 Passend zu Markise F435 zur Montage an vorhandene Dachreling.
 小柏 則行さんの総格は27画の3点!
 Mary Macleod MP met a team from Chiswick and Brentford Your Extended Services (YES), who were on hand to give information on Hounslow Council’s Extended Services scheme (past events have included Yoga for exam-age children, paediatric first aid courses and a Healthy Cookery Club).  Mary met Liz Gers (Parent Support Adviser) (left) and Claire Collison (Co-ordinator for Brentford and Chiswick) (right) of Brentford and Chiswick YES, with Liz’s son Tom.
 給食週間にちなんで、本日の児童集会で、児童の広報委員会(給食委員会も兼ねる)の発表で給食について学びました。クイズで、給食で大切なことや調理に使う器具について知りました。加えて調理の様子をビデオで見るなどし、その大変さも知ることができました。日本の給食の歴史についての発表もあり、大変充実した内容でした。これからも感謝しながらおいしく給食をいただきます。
__________________________________________________
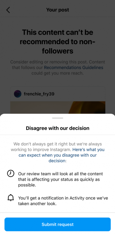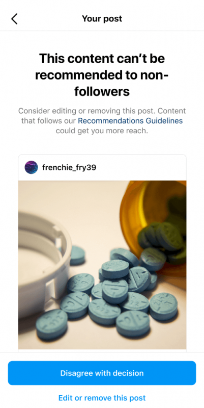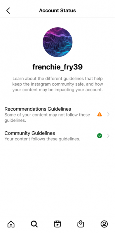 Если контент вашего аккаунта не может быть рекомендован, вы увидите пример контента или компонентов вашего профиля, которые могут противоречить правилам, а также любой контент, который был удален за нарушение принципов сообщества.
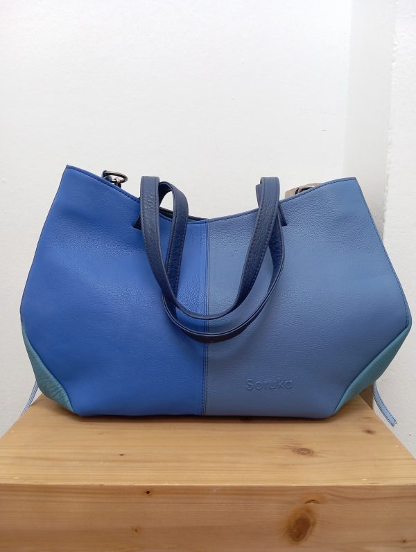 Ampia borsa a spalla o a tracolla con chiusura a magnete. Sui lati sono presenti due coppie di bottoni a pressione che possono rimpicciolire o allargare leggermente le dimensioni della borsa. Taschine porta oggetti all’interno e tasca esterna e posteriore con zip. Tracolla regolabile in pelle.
__________________________________________________
**WORK REQUIRED**
Every line from the line containing "Mary Macleod MP" through the line containing "給食週間にちなんで、本日の児" in the records above must be retyped exactly. Leave out the rest.

**ANSWER TO THE EXERCISE**
 Mary Macleod MP met a team from Chiswick and Brentford Your Extended Services (YES), who were on hand to give information on Hounslow Council’s Extended Services scheme (past events have included Yoga for exam-age children, paediatric first aid courses and a Healthy Cookery Club).  Mary met Liz Gers (Parent Support Adviser) (left) and Claire Collison (Co-ordinator for Brentford and Chiswick) (right) of Brentford and Chiswick YES, with Liz’s son Tom.
 給食週間にちなんで、本日の児童集会で、児童の広報委員会(給食委員会も兼ねる)の発表で給食について学びました。クイズで、給食で大切なことや調理に使う器具について知りました。加えて調理の様子をビデオで見るなどし、その大変さも知ることができました。日本の給食の歴史についての発表もあり、大変充実した内容でした。これからも感謝しながらおいしく給食をいただきます。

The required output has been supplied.